The slides are now online.

We went over the following quickly in class and I won’t have much time to talk about this in class, so try to figure out the following with your group:

  • Describe an algorithm that outputs all the $n!$ perfect matchings given a set of men \{m_1,\dots,m_n\} and women \{w_1,\dots,w_n\}.
  • Prove that there is an algorithm that verifies whether a given perfect matching is stable or not runs in time O(n^3).

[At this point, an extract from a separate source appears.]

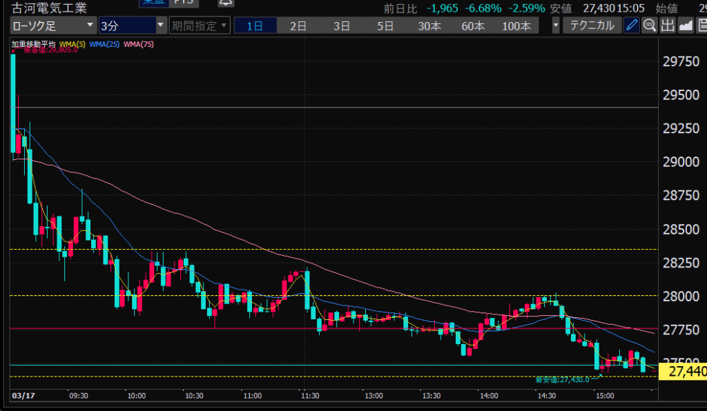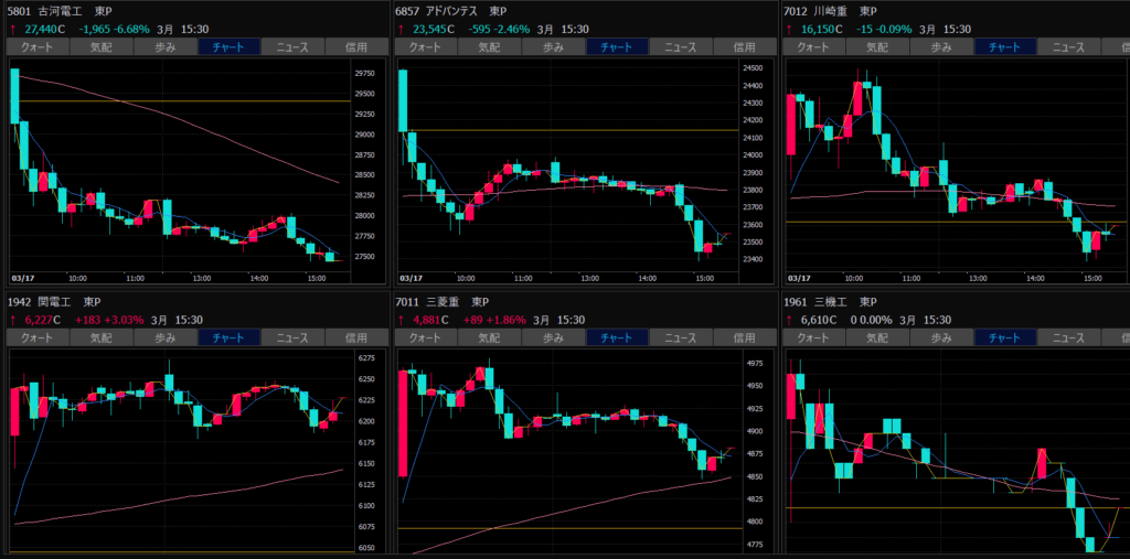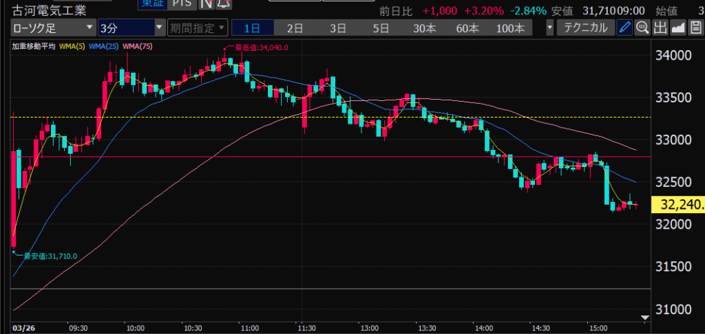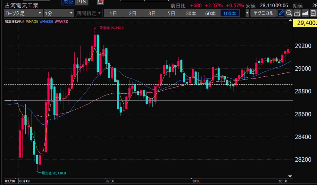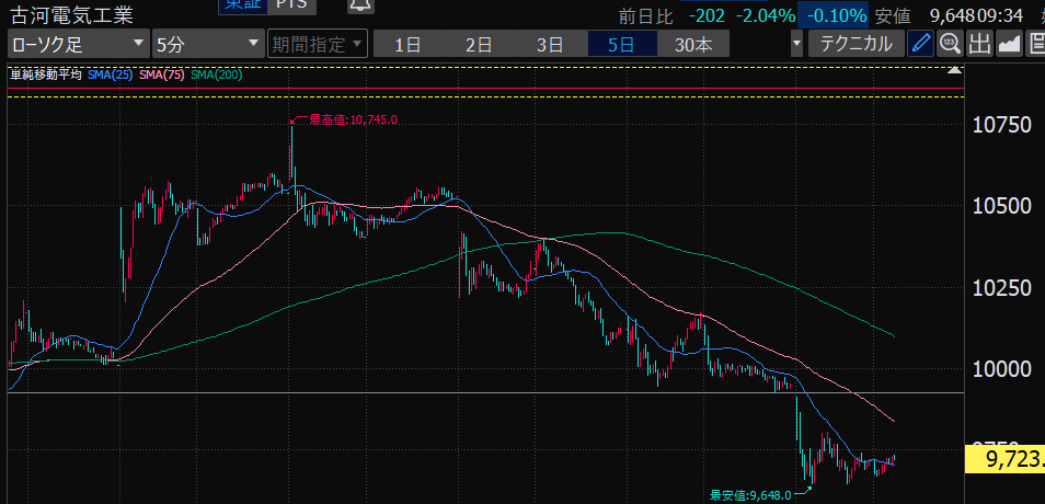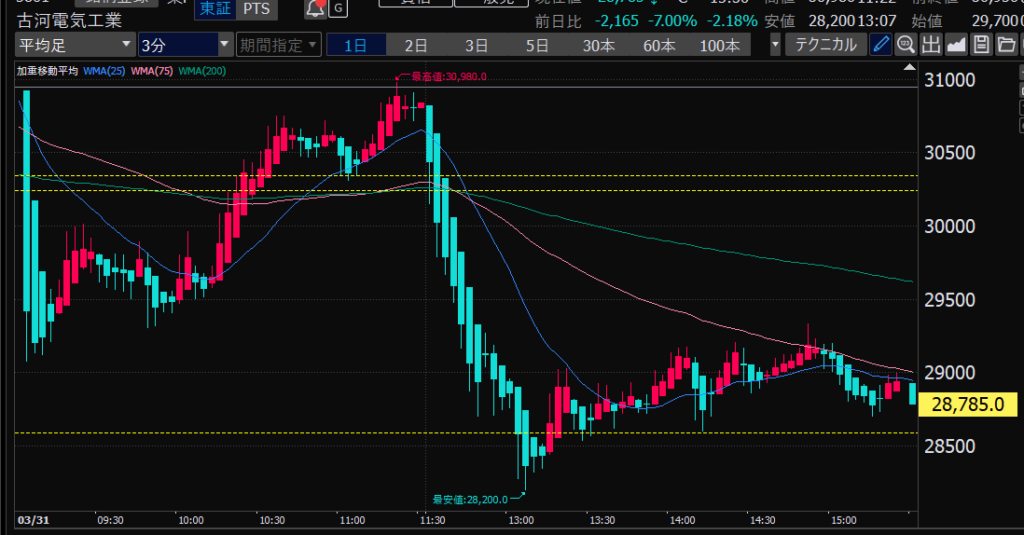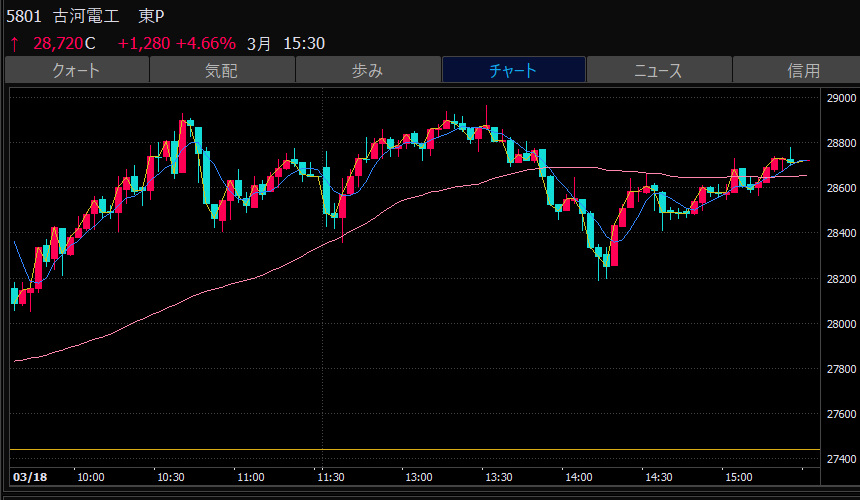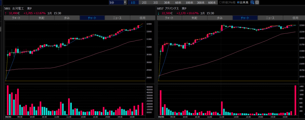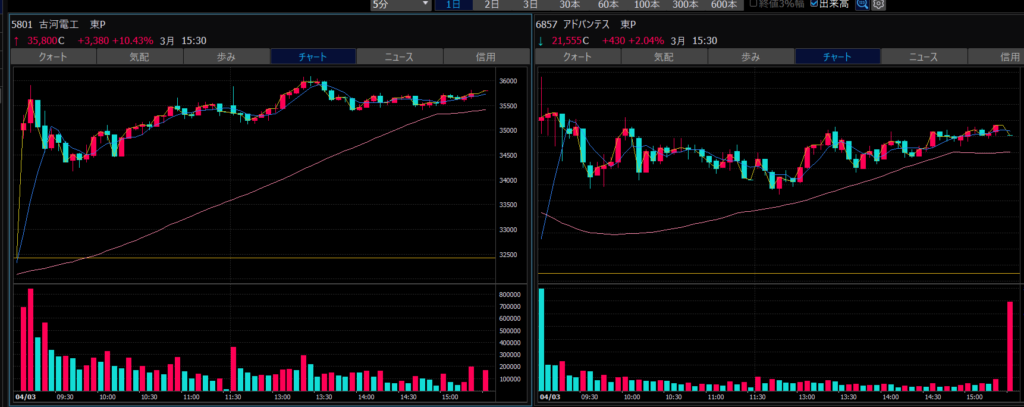 - エントリーしたらカンザシを渡るのを待とう。耐えるってこと。今日だけで一体いくら取り損ねたか。古河電気工業、アドバンテスト。やれやれ。

Based on the group leader scribes, here are some responses to some questions that seem to have been bothering some of you

  • We saw examples of a stable matching where a pair was matched to their least favorite potential spouse. Wouldn’t it make sense for these pairs to remain single? One answer is: in real life perhaps but this is too imprecise for an algorithms course. However, remember in the problem definition everyone needs to get married (i.e. everyone prefers to be married, even it is their least favorite choice, than remaining single). Again remember, this is a simplifying assumption and I do not claim that the version of the problem we defined in class mirrors real life. This is an important thing to remember: once we have formally defined a problem, throw away all you think you know about the problem from real life and just concentrate on the problem definition. So in short the answer to the question of why does a stable matching have to be a perfect matching, is well, because that is how it is defined.
  • If there are multiple stable matching, can we choose one that is the best in some sense: e.g. one that maximizes total happiness? Of course the answer will depend on how we define happiness. Once we have looked at the Gale-Shapley algorithm, I will mention (without proof) one possible answer to this question.

As always, feel free to use the comments section, if you have any question.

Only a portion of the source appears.